* ACTIVITY: Without changing a word, return the listing below, minus its images.

* DATA SHOWN:
-=-=-=-=-
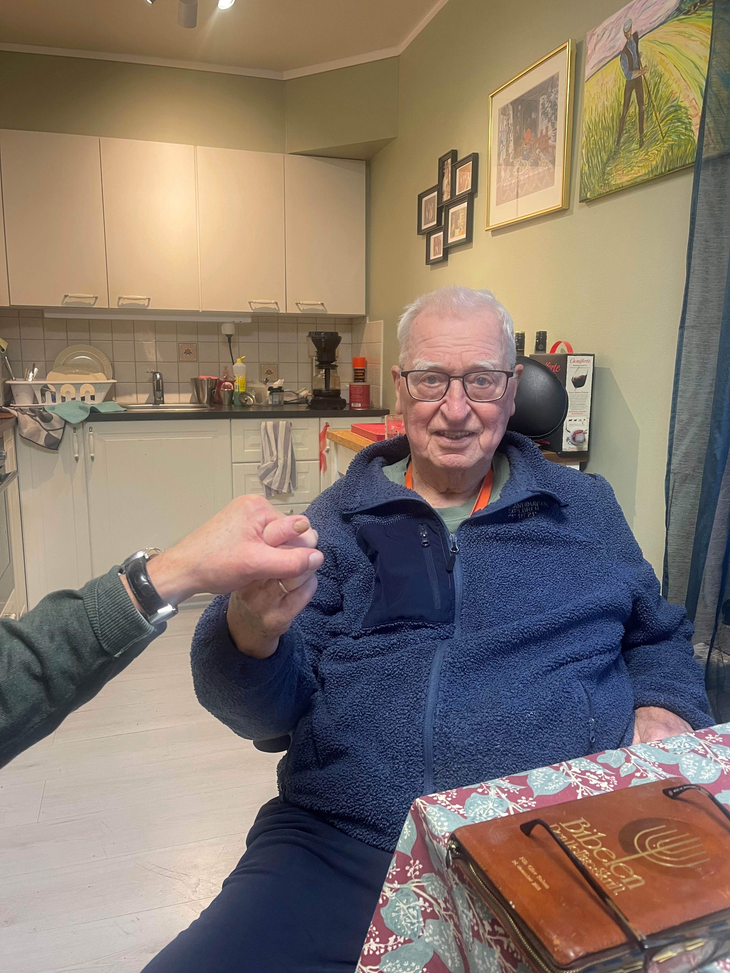 Men nå er det fredag. Han gleder seg til å besøke Nils Olav. På veien er han innom bakeriet og kjøper med lukket valnøtt til kaffen.
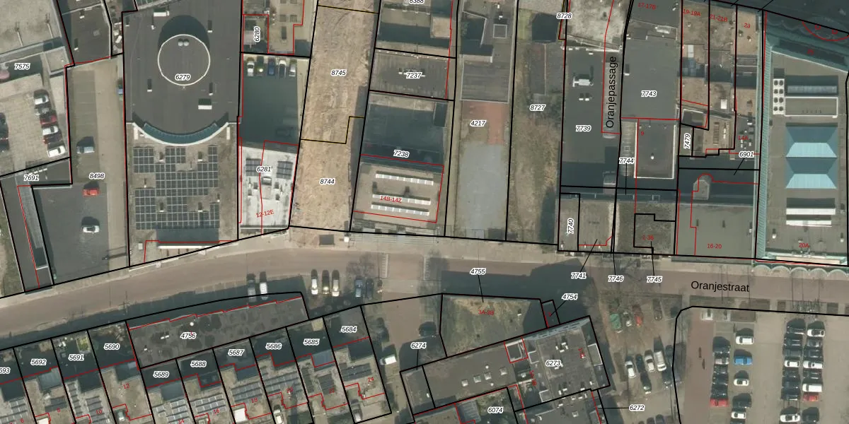 Het perceel waarop Oranjestraat 14-K staat heeft een oppervlakte van 685 m². Dit is een groot perceel. De perceeloppervlakte wordt geregistreerd door het Kadaster. Gedetailleerde informatie over de maten van dit perceel kunt u vinden in het rapport Kadastrale kaart met maatvoering van Oranjestraat 14-K.
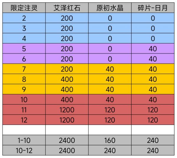 上图为全保底情况下所需材料,运气好可以触发幸运注灵,直升整级
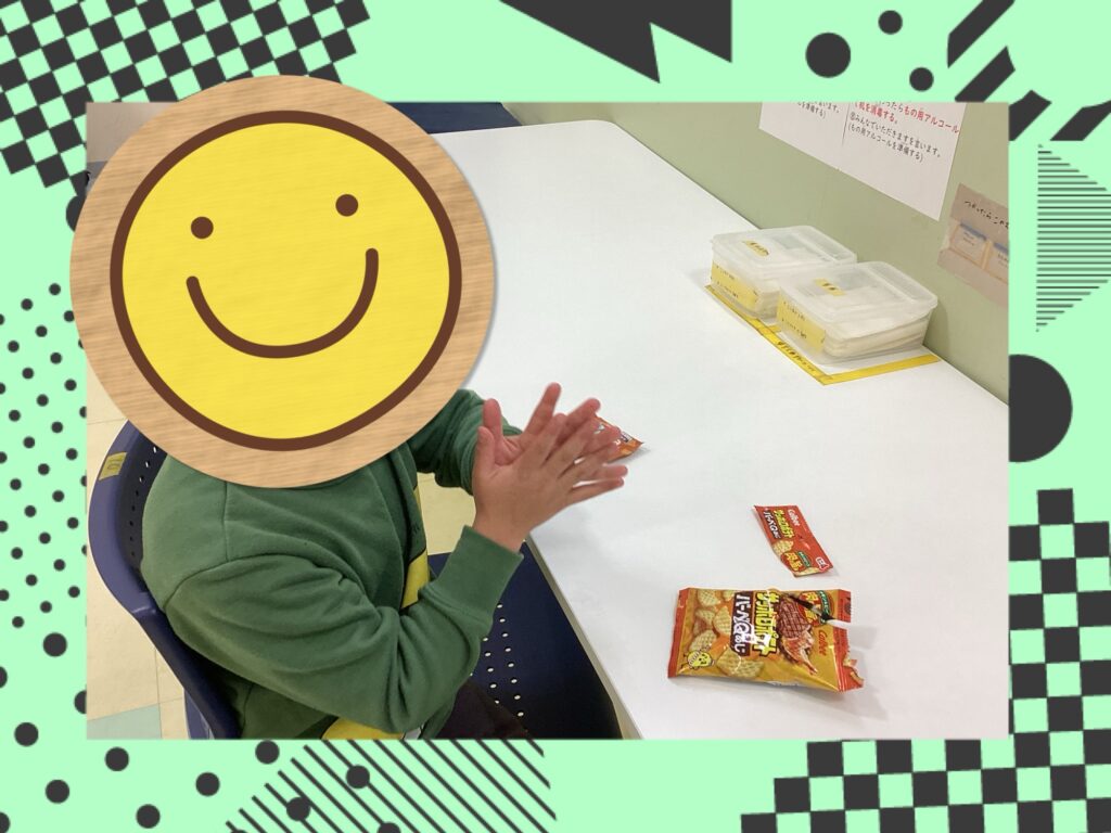 好きなものを選び、おやつを食べる準備をします。
-=-=-=-=-
* PROBLEM SOLUTION:
 Men nå er det fredag. Han gleder seg til å besøke Nils Olav. På veien er han innom bakeriet og kjøper med lukket valnøtt til kaffen.
 Het perceel waarop Oranjestraat 14-K staat heeft een oppervlakte van 685 m². Dit is een groot perceel. De perceeloppervlakte wordt geregistreerd door het Kadaster. Gedetailleerde informatie over de maten van dit perceel kunt u vinden in het rapport Kadastrale kaart met maatvoering van Oranjestraat 14-K.
 上图为全保底情况下所需材料,运气好可以触发幸运注灵,直升整级
 好きなものを選び、おやつを食べる準備をします。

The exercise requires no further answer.